Comme je l’ai indiqué, 3 tendances de fonds bouleversent la consommation (consommation digitalisée consommation affinitaire, consommation responsable et durable). C’est sur ces tendances que nous avons décidé de créer Experienced Capital, car elles permettent à de nouvelles marques d’émerger, et c’est elles que nous voulons accompagner.
C’est, par exemple, le cas de Jimmy Fairly, qui est en train de révolutionner le marché de l’optique en France, et que nous avons accompagné dans sa première phase de croissance.
C’est aussi le cas de la marque de mode pour homme Balibaris, de la marque de mode pour femme Sœur ou Sessun, de la marque de cosmétique Oh My Cream ! ou des lieux de karaoké BAM, pour ne citer qu’eux au sein de notre portefeuille.
Vous avez mentionné lors d’une précédente interview une période de déconsommation dans le secteur du prêt-à-porter. Comment cette tendance a-t-elle évolué depuis lors ? Cela explique-t-il vos investissements plus récents dans l’industrie dans les loisirs et la restauration ?
Il y a en effet depuis quelques années une tendance à la décroissance dans le secteur du prêt-à-porter milieu de gamme, mais c’est un segment sur lequel nous ne sommes pas. Nous intervenons sur le segment situé au-dessus, celui du « luxe accessible » qui lui se porte très bien, car il s’adresse à ce client CSP+ dont le pouvoir d’achat est préservé. Ce ne sont pas du tout les mêmes marchés.

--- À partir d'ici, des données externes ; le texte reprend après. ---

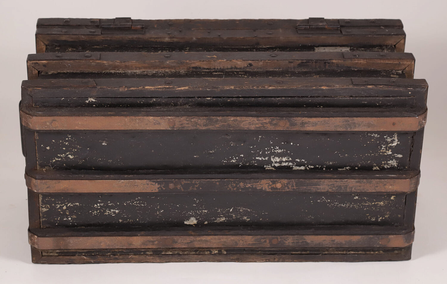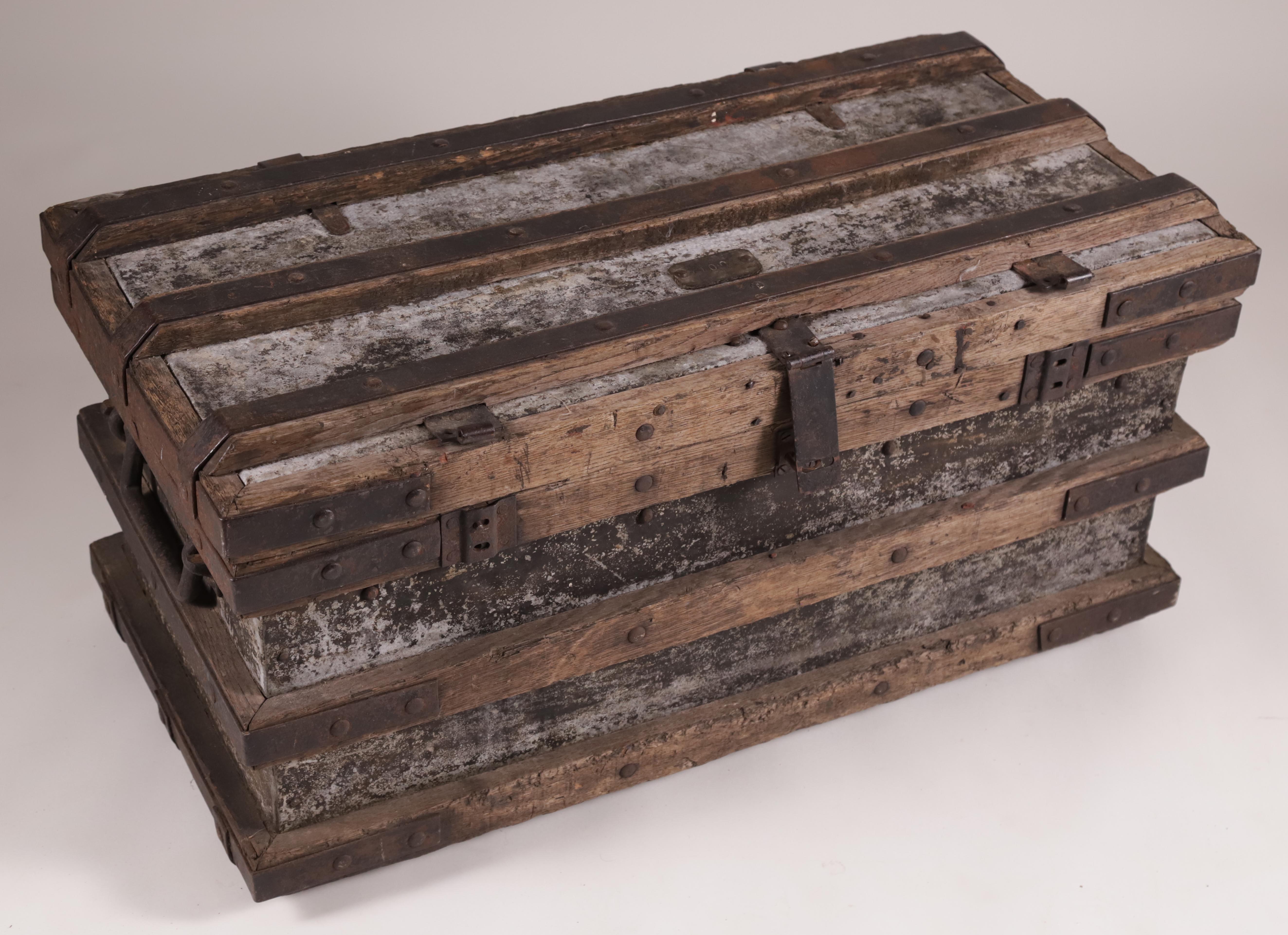 Military Iron Strapped Trunk, circa 1940 Consign Now DeptFurnitureSizeHeight 18 in. Width 36 in. Depth 18.5 in. Military Iron Strapped Trunk, circa 1940 Height 18 in. Width 36 in. Depth 18.5 in. Please note that this auction has ended. Click here for an overview of this auction.

Je suis personnellement favorable à une consommation beaucoup plus raisonnée, dans le cadre de la transition écologique et énergétique qui est indispensable. Je me réjouis donc de la déconsommation de produits de mauvaise qualité, produits au bout du monde et dont la durée de vie est limitée. Nous n’accompagnons que des marques ayant une vraie démarche RSE, de création de produits de qualité, durables, qui aident à « consommer moins mais mieux ».
Notre diversification sectorielle est partie-prenante de notre stratégie d’investissement, dès l’origine d’Experienced Capital, car nous considérons que les tendances évoquées précédemment sont communes à tous les secteurs de la consommation, du loisir à la restauration, en passant par la cosmétique ou la décoration. Ce sont exactement les mêmes tendances de marché.

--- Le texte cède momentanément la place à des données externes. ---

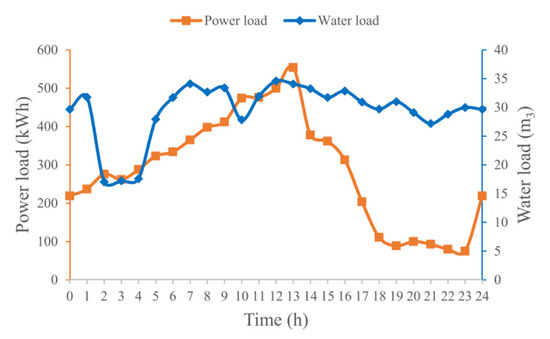 As the case study, a manufacturing facility in Peninsular Malaysia was selected [26]. Figure 3 shows statistics on the plant’s hourly power and water load profiles. Biomass and natural gas generators with respective outputs of 200 kW and 100 kW power the energy system. The system also makes use of a solar system with a 1000 m2 PV area to capture the energy that can be obtained from solar radiation. The solar PV and storage systems’ efficiencies and other details were taken to be the same as in the illustrative case study. In this instance, the water requirement for the solar PV system was not taken into consideration, but the supply of water to the other two power facilities was, i.e., biomass and natural gas at 0.0037 m3/kWh and 0.0044 m3/kWh, respectively [15,16]. The overall results after consideration of losses have been summarized in Table 6.
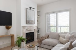 OPEN HOUSE SUNDAY January 25th 1-3pm!Beautifully updated top-floor residence in Ponds Landing, ideally located in the village at Bear Mountain Resort.This 2-bedroom plus den home blends modern elegance with timeless design, featuring curated finishes, designer lighting, and a soft neutral palette throughout.The airy 10-ft ceilings and open-concept layout frame a chef-inspired kitchen with a quartz waterfall island, custom wood cabinetry, farmhouse sink, and striking brass details.The inviting living room centers around a custom stone gas fireplace and opens to a covered patio with peaceful courtyard views.The primary suite offers patio access, walk-through closets, and a spa-like ensuite, while the second bedroom has a walk-in closet. The den presents a built-in desk for a flexible study or work from home space.Enjoy year-round climate control with an efficient heat pump. Complete with in-suite laundry, secure underground parking, and storage locker.
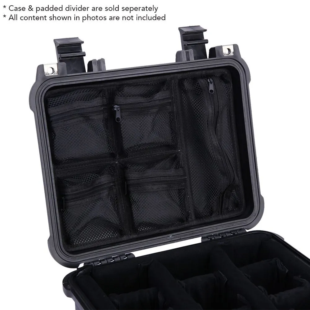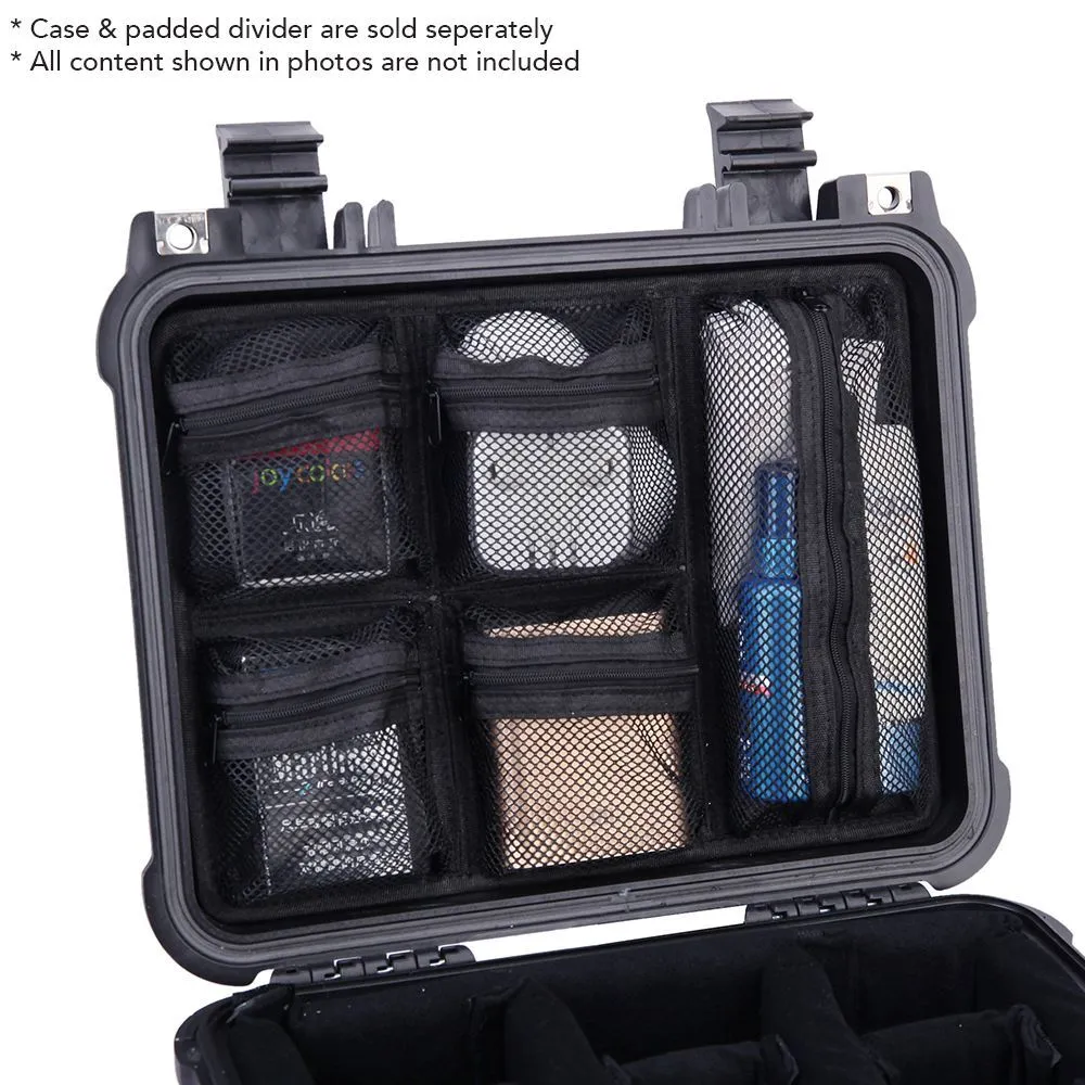 The Evolution Gear Lid Organisers are designed to fit into the Evolution Gear 3530 Utility Hard Case. The organiser spans the entire lid of the case and are complimented by a varying size of pockets.
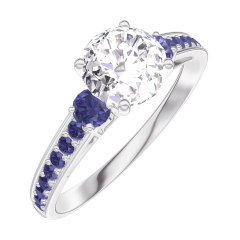 « L'ATELIER » N. 184875Anello Oro bianco 18 carati - Diamante di laboratorio Rotonda 0.7 Carati - Pietre laterali Zaffiro blu - Incastonatura Zaffiro blu 4.9 (7)

Votre parcours professionnel est marqué par plusieurs transitions entre différents secteurs et entreprises. Comment ces expériences variées ont-elles influencé votre approche envers les fusions-acquisitions et les investissements dans le Private Equity ?
Mon parcours est celui d’une évolution progressive vers ce que je fais aujourd’hui, à savoir diriger un fonds d’investissement dédié aux marques premium.
En effet, depuis près de 25 ans, j’évolue dans le secteur de la consommation. D’abord chez Saint-Gobain Distribution (distribution de matériaux), puis chez Casino (distribution alimentaire), puis au sein du groupe SMCP (mode), pour enfin créer ECP. Depuis 25 ans, le client est au cœur des préoccupations des sociétés dans lesquelles je travaille. C’est un fil conducteur.
Par ailleurs, dans ce secteur de la consommation, j’ai exercé 2 métiers financiers : du M&A dans des structures corporate (Saint-Gobain puis Casino) pendant les 10 premières années, puis des fonctions de direction générale finance (Franprix Leader-Price puis SMCP) pendant 7 ans.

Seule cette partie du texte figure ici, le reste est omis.